• Instructions to follow: Copying starts at the line containing "Die Kombination aus" and stops after the last line of the records; each line is repeated exactly, and pictures are skipped.
** Task inputs follows **
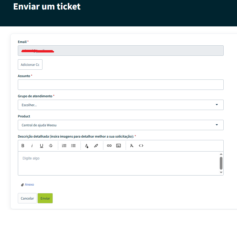 - Anexos (prints de tela, planilhas ou arquivos que ajudem o suporte).
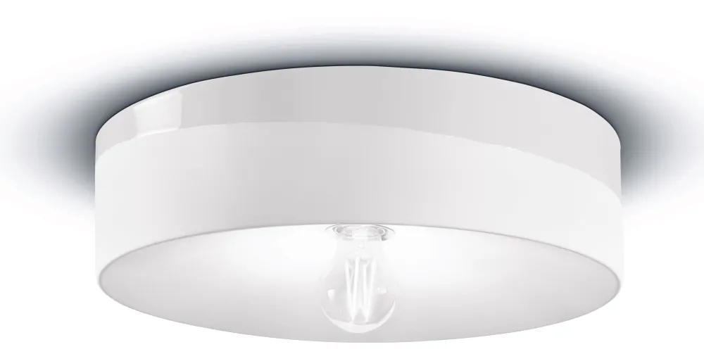 Die Kombination aus glänzend und matt verleiht der runden Deckenlampe einen außergewöhnlichen Charakter, der in Wohnzimmer, Küche und Flur zu einem dekorativen Blickfang wird
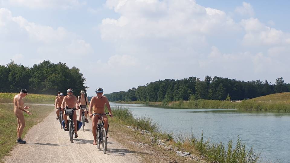 Am Dortmund-Ems-Kanal nahe dem Venner Moor machten wir Mittagspause. Kurze Zeit später trafen auch die nackten Radler ein. Friedhelms Ehefrau Carola radelte bekleidet mit - auch sie wollte in unserer Gemeinschaft mit dabei sein. Birgit, die Ehefrau von Thomas, gönnte sich einen Ruhetag. Heide und Helmut machten eine Auszeit bis einschließlich Samstag - sie wollen am Sonntag wieder mitwandern.
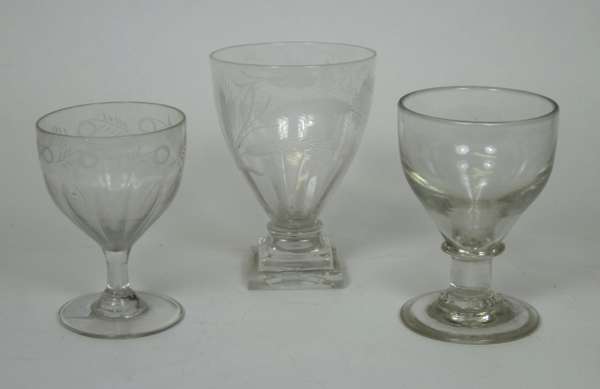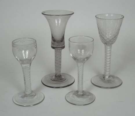 of various shapes and sizes, including four opaque ribbon twist stem glasses and three rummers (12)
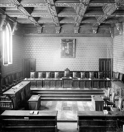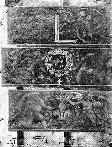 Grande salle des Pas-Perdus : façades, murs, voûtes, charpentes, combles et couvertures de la salle ; porche et perron extérieurs placés contre la face Nord ; petite chapelle intérieure dans le mur Sud. Salle des assises : murs, plafond avec sa charpente, combles, couvertures de la salle et des couloirs longeant à l'extérieur les côtés Nord-Est et Sud de la salle. Chambre civile : murs, lambris, plafond, charpente des combles, couvertures et couloirs longeant les côtés Nord et Sud de cette chambre. Dégagement et vestibules situés dans le prolongement et à l'Ouest de la chambre civile : murs, plafond, combles et couvertures. Salle de la bibliothèque et des audiences privées : murs, plafonds, combles et couvertures. Cour intérieure au Sud de la bibliothèque : façades. Vestibules de la salle et du conseil des avocats : murs, planchers, combles et couvertures. Salle du conseil des avocats : murs, cheminées, planchers, combles et couvertures : classement par arrêté du 15 février 1926
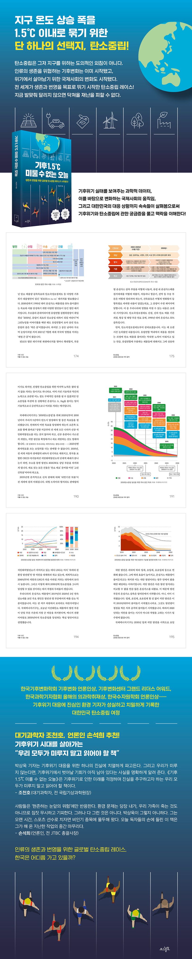 《기후 1.5℃ 미룰 수 없는 오늘》은 기후위기 앞에서 전 세계가 어떤 노력을 기울이고 있는지, 또 우리나라는 어떤 과정을 거쳐 탄소중립을 선언했으며 어떤 숙제를 당면하고 있는지를 과학적 데이터와 국제 보고서를 바탕으로 조목조목 짚어 본다. 인류의 생존과 번영을 위한 글로벌 탄소중립 레이스, 한국은 어디쯤 가고 있을까?
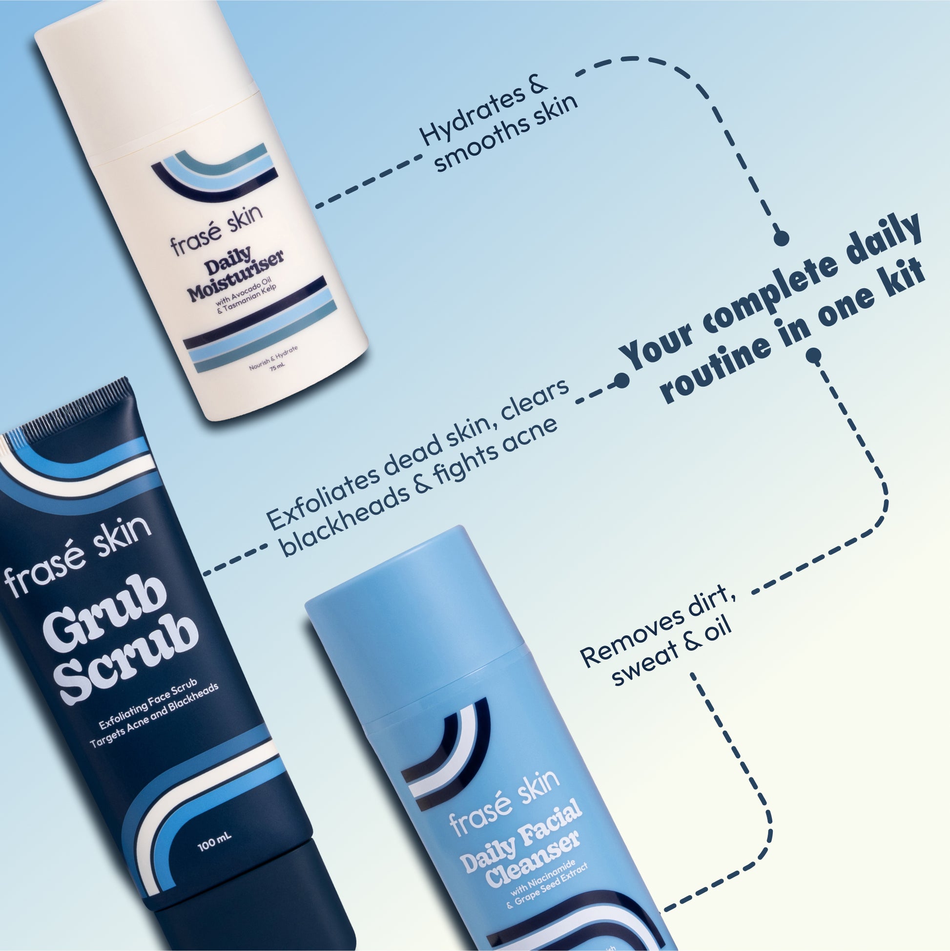 Used daily (cleanser and moisturiser) with the scrub 2–3 times a week, the kit will last about 6–8 weeks depending on use.
** End of Task inputs **
• Exercise output:
 Die Kombination aus glänzend und matt verleiht der runden Deckenlampe einen außergewöhnlichen Charakter, der in Wohnzimmer, Küche und Flur zu einem dekorativen Blickfang wird
 Am Dortmund-Ems-Kanal nahe dem Venner Moor machten wir Mittagspause. Kurze Zeit später trafen auch die nackten Radler ein. Friedhelms Ehefrau Carola radelte bekleidet mit - auch sie wollte in unserer Gemeinschaft mit dabei sein. Birgit, die Ehefrau von Thomas, gönnte sich einen Ruhetag. Heide und Helmut machten eine Auszeit bis einschließlich Samstag - sie wollen am Sonntag wieder mitwandern.
 of various shapes and sizes, including four opaque ribbon twist stem glasses and three rummers (12)
 Grande salle des Pas-Perdus : façades, murs, voûtes, charpentes, combles et couvertures de la salle ; porche et perron extérieurs placés contre la face Nord ; petite chapelle intérieure dans le mur Sud. Salle des assises : murs, plafond avec sa charpente, combles, couvertures de la salle et des couloirs longeant à l'extérieur les côtés Nord-Est et Sud de la salle. Chambre civile : murs, lambris, plafond, charpente des combles, couvertures et couloirs longeant les côtés Nord et Sud de cette chambre. Dégagement et vestibules situés dans le prolongement et à l'Ouest de la chambre civile : murs, plafond, combles et couvertures. Salle de la bibliothèque et des audiences privées : murs, plafonds, combles et couvertures. Cour intérieure au Sud de la bibliothèque : façades. Vestibules de la salle et du conseil des avocats : murs, planchers, combles et couvertures. Salle du conseil des avocats : murs, cheminées, planchers, combles et couvertures : classement par arrêté du 15 février 1926
 《기후 1.5℃ 미룰 수 없는 오늘》은 기후위기 앞에서 전 세계가 어떤 노력을 기울이고 있는지, 또 우리나라는 어떤 과정을 거쳐 탄소중립을 선언했으며 어떤 숙제를 당면하고 있는지를 과학적 데이터와 국제 보고서를 바탕으로 조목조목 짚어 본다. 인류의 생존과 번영을 위한 글로벌 탄소중립 레이스, 한국은 어디쯤 가고 있을까?
 Used daily (cleanser and moisturiser) with the scrub 2–3 times a week, the kit will last about 6–8 weeks depending on use.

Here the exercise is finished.